The best part about this is that when God looks at me He no longer sees a 16 year-old sinful girl. He sees His son. My history is no longer that I was born in 1991, in America to a middle class family. He sees a perfect sinless person who was born around 5 B. C. in Bethlehem to a low class carpenter. My history is now that I lived a perfect 33 years, died on a cross, rose again, and am at this very moment seated at the right hand of the Father. This is also your history, and any one else’s who chooses to believe.

Anonymous said...

Hey Ryan! I stumbled over to your blog just to see if you had anything new.
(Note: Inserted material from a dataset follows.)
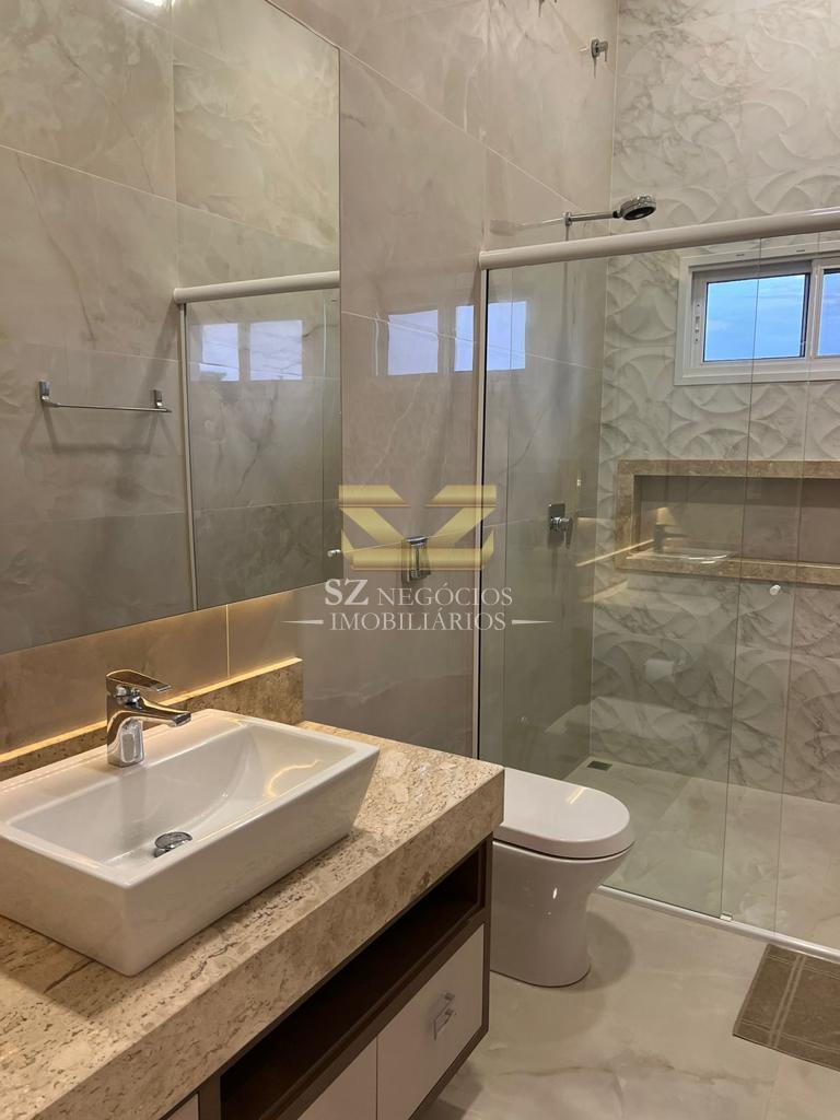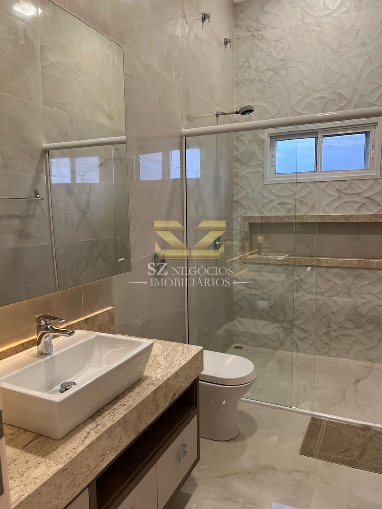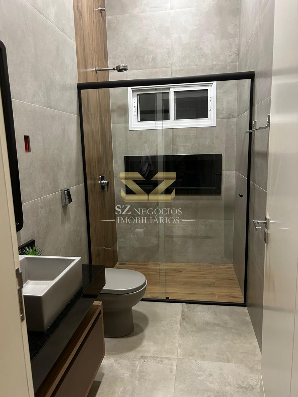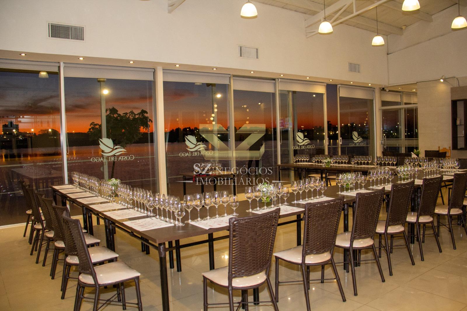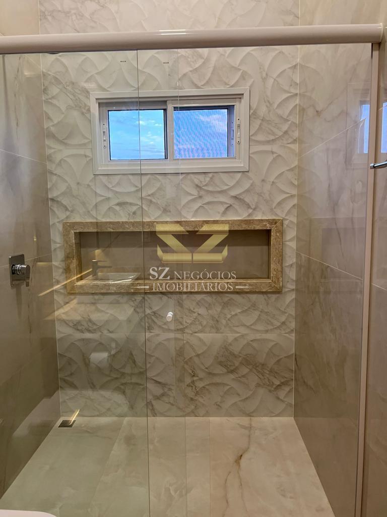 - Cozinha/área gourmet (móveis planejados, bancada em granito São Gabriel, geladeira Whirlpool de 554 litros, micro-ondas, forno, coifa, churrasqueira elétrica Tecnogrill, refrigerador expositor);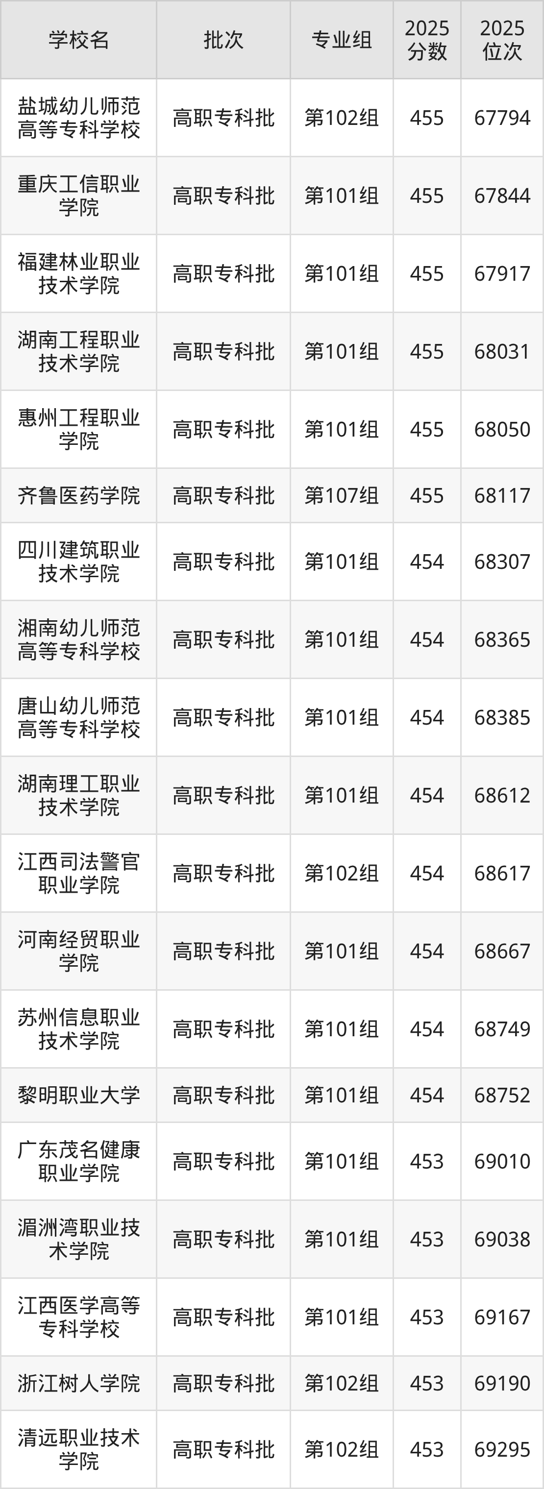 2025年江西高考历史类454分(68192名~68821名)能上的大学有唐山幼儿师范高等专科学校第101组、湘南幼儿师范高等专科学校第101组、黎明职业大学第101组、河南经贸职业学院第101组等。

This is a really great post though, thank you for sharing it brother! It's something I needed to hear... Sometimes in the course of current events in our lives at present I just feel like taking a really long nap , etc... !! :) Of course we need those types of things just like we need our sugary foods, (just kidding!! :)) But this was a really good reminder to make sure that I don't get lazy in flesh and spirit when I do come back from the farm. Thanks brother! See you Sunday LW.

Ryan said...

Gracie, It's been too long that I haven't replied to your comment! I am sorry about that.

I can understand some of where you're coming from in what you wrote, and there was more discussion on The Rebelution about more fundamental theological issues regarding what we both wrote. It isn't my intent to delve into that except to say by and large I agree with what Brett explained in his reply.

The rest of my thoughts which your comment prompted are now in a new post.